Xu Yuzeng, Wu Guangyi, Yuan Zhuoqun, Li Xinyi, Yang Di, Liang Yanmei
Institute of Modern Optics, Nankai University, Tianjin Key Laboratory of Micro-scale Optical Information Science and Technology, Tianjin 300350, China, Nankai University, Tianjin, 300350, CHINA.
Institute of Modern Optics, Nankai University, Tianjin Key Laboratory of Micro-scale Optical Information Science and Technology, Tianjin 300350, China, Tianjin, Tianjin, 300350, CHINA.
Phys Med Biol. 2025 Jun 25. doi: 10.1088/1361-6560/ade840.
Noise is a key factor determining imaging quality for optical coherence tomography (OCT). Although deep learning has emerged as an effective denoising method, its generalization capability remains limited, especially when test noise levels deviate from the training data.
To solve this problem, we propose a mixed-training strategy combined with a multi-noise level dataset, aiming to enhance model adaptability to unseen noise conditions. The datasets were constructed by inserting different optical attenuators (4 dB, 6 dB, and 10 dB) in the sample arm of an SS-OCT system, simulating diverse noise scenarios. Our mixed-training strategy unified images from 0 dB, 6 dB, and 10 dB into a composite training set, while a portion of the 4 dB data was used as an independent test set to evaluate generalization capability. This approach was applied to classical denoising networks including residual network (ResNet), U-shape network (U-Net), denoising convolutional neural network (DnCNN), and attention-guided deformable convolutional network (ADNet), under both supervised and unsupervised frameworks.
Experimental results demonstrated that models trained with the mixed-training strategy achieved robust performance across noise levels, including unseen 4 dB noise images, where the Unet model trained with the mixed-training strategy under the supervised learning framework attained a PSNR of 29.233 dB and an SSIM of 0.807. This performance is close to that of dedicated models trained on 4 dB data, which achieved a PSNR of 29.221 dB and an SSIM of 0.809. Visual and numerical evaluations further confirmed that the mixed-trained networks effectively suppressed noise artifacts, even under mismatched noise conditions.

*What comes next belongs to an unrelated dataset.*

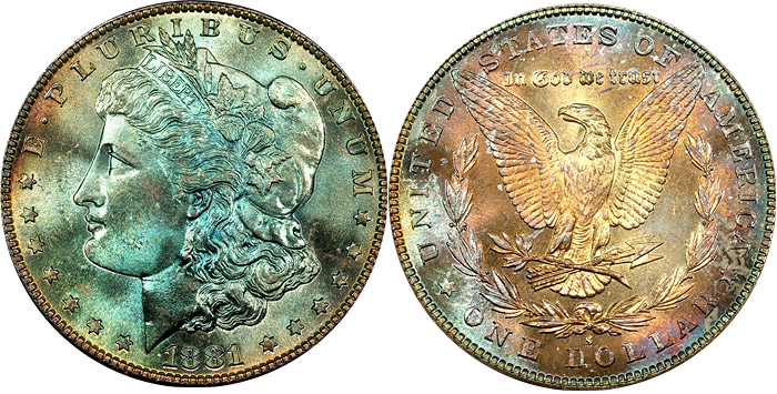 View the largest gallery of high-end and Monster rainbow toned Morgan dollars, an informational guide on how to tell natural vs. artificial toning, learn to price toned Morgans, view auction results of rainbow Morgans, and view what characteristics to look for in high-end toned rainbow Morgan dollars.
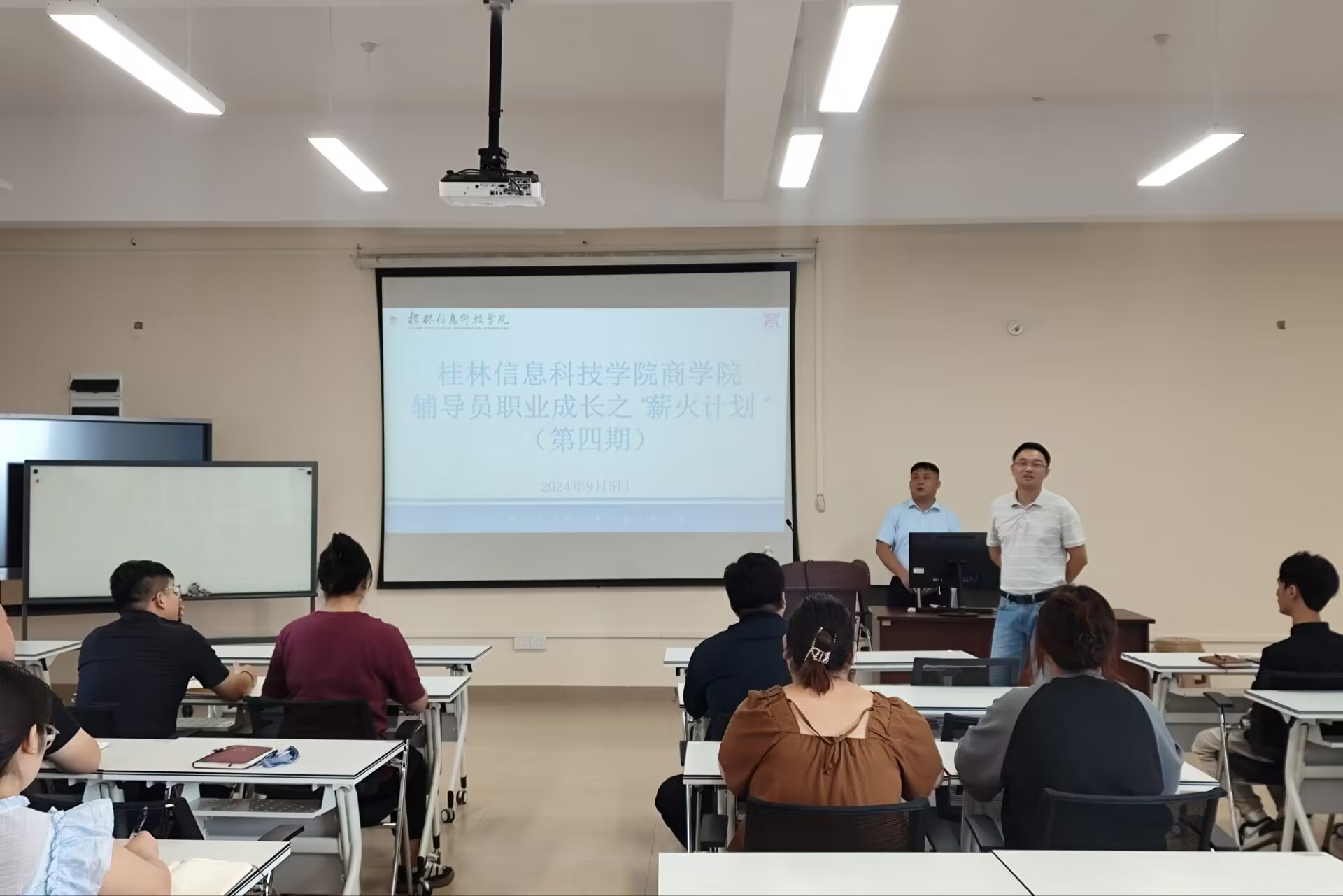 商学院开展党建工作培训暨辅导员职业成长之“薪火计划”(第四期)为积极探索和创新党支部建设路径,不断夯实党建工作基础,全面提升党支部工作水平,9月5日,商学院在F407开展党建工作培训会,会议邀请电子工程学院学工办主任谢长远担任主讲人,主题分享广西高校党建工作样板支...

This work confirms the value of multi-noise level datasets and introduces a mixed-training strategy that enhances generalization and supports reliable OCT analysis in practice.
噪声是决定光学相干断层扫描(OCT)成像质量的关键因素。尽管深度学习已成为一种有效的去噪方法,但其泛化能力仍然有限,尤其是当测试噪声水平与训练数据不同时。
为了解决这个问题,我们提出了一种结合多噪声水平数据集的混合训练策略,旨在提高模型对未见过的噪声条件的适应性。通过在扫频光学相干断层扫描(SS-OCT)系统的样品臂中插入不同的光衰减器(4 dB、6 dB和10 dB)来构建数据集,模拟不同的噪声场景。我们的混合训练策略将来自0 dB、6 dB和10 dB的图像统一到一个复合训练集中,而4 dB数据的一部分用作独立测试集来评估泛化能力。在有监督和无监督框架下,将这种方法应用于经典去噪网络,包括残差网络(ResNet)、U型网络(U-Net)、去噪卷积神经网络(DnCNN)和注意力引导可变形卷积网络(ADNet)。
实验结果表明,采用混合训练策略训练的模型在不同噪声水平下均表现出稳健的性能,包括未见过的4 dB噪声图像,其中在有监督学习框架下采用混合训练策略训练的U-Net模型达到了29.233 dB的峰值信噪比(PSNR)和0.807的结构相似性指数(SSIM)。这个性能接近在4 dB数据上训练的专用模型,其PSNR为29.221 dB,SSIM为0.809。视觉和数值评估进一步证实,即使在噪声条件不匹配的情况下,混合训练的网络也能有效地抑制噪声伪影。
这项工作证实了多噪声水平数据集的价值,并引入了一种混合训练策略,该策略增强了泛化能力,并在实践中支持可靠的OCT分析。